Key points the JVM port loses:

__attribute__((aligned(128))) is a hard guarantee. @Contended is a hint that JIT may ignore.
head and tail only have one writer each. JVM’s GC card-marking can spuriously dirty the cache line that contains them.
__sync_synchronize() is one mfence. The JVM equivalent (VarHandle.fullFence) often also emits a JIT-safepoint poll.

What I would do differently

If I were starting today, I would not try to replace ZScheduler. I would do the following in order:

Open a design RFC first. Get the maintainers to commit to acceptance criteria: which benchmarks must not regress, by how much, and whether the new scheduler can be opt-in. Without this, every PR is shooting at a moving target.
Ship as opt-in NioScheduler, not as replacement. Register it via Runtime.setScheduler so users who have ForkMany-shaped workloads can choose it. This sidesteps the Pareto-regression veto.
Use JCTools‘ MpscArrayQueue as the per-worker queue. It’s the closest thing the JVM has to Nio’s MPSC channel and is already used in Netty, Hazelcast, etc.
Build a topology-aware variant for tier-2. Once the basic opt-in works, add NUMA-awareness (via Thread.setAffinity through JNI or taskset wrapping) for users who actually pin JVMs to sockets. Don’t ship this in v1.
Make the C reference the README. Show the design in C first, then explain what each line costs on the JVM. This makes the trade-offs explicit instead of hidden.

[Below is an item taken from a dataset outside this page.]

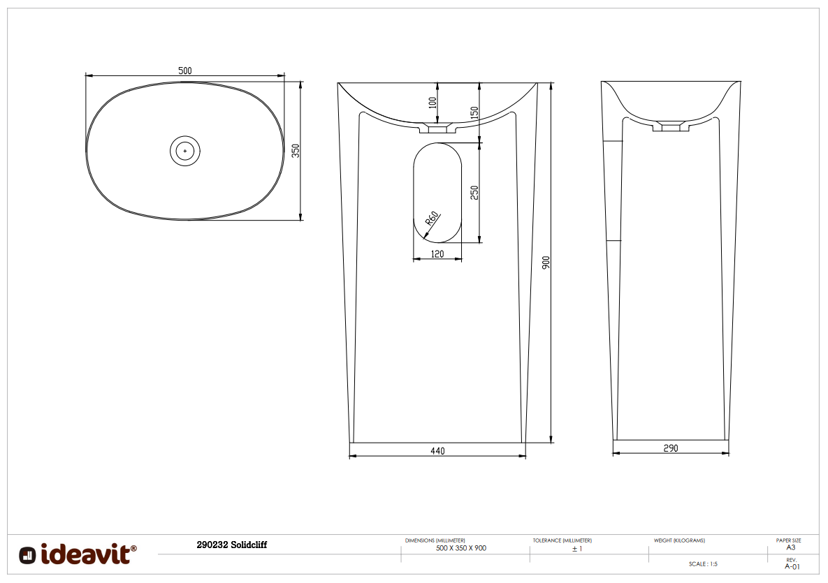- Productnaam: Solidcliff PB-50 Vrijstaande Wastafel
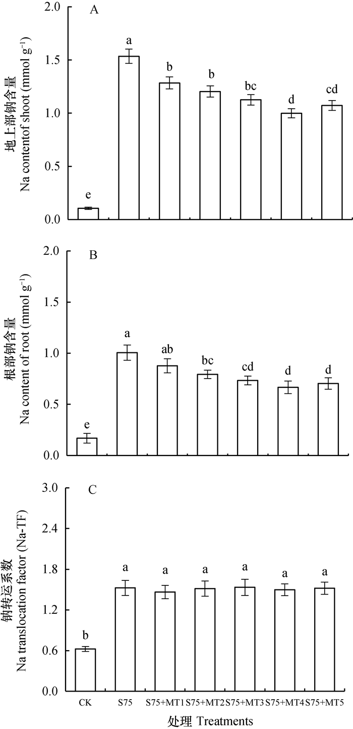 图 5 盐胁迫下不同浓度褪黑素对水稻幼苗地上部Na含量(A)、根部Na含量(B)和Na转运系数(C)的影响 Fig. 5 Effects of spraying of MT on shoot Na content (A), root Na content (B) and Na translocation factor (C) of rice seedlings under salt stress relative to MT concentration |

A note on LLM-generated bounty submissions

Between November 2024 and March 2026, the issue accumulated 17+ /attempt claims. Most were a single-line plan posted by an LLM, with no follow-through. Two real PRs (#9684, #10220) were closed — one for Pareto regression, one for “code looks copy/pasted or AI-generated.”

The bounty mechanism plus easy LLM access has created a pattern where serious contributors arrive last and inherit the burden of proving they aren’t AI noise before any technical conversation can start. This is a real cost the OSS-bounty model has not yet adapted to.

Conclusion

I did not complete this bounty. What I did do was:

Implement the LRU/LFU side-tracker on top of ZScheduler and benchmark it.
Identify the structural reasons it cannot reach Nio-level performance on the JVM.
Write the lock-free reference in C to document what the intended design actually requires.
Propose an opt-in path that side-steps the Pareto-regression problem.

The lesson I’m taking from this is that algorithmic insight does not automatically port across runtimes. A scheduler design is a contract with the underlying memory model, the GC, the cache topology, and the existing API surface. Break any one of those contracts and the design loses its reason to exist.

中文版本

背景

2024 年底，ZIO 專案開出了 issue #9356 並掛上 $2,500 的賞金：用 Nio 這套 150 行的 Rust 實驗性 runtime 設計來重寫 ZIO 的 task scheduler。Nio 的核心是把 Tokio 那種「random work-stealing」換成「把任務派給目前負載最低的 worker」。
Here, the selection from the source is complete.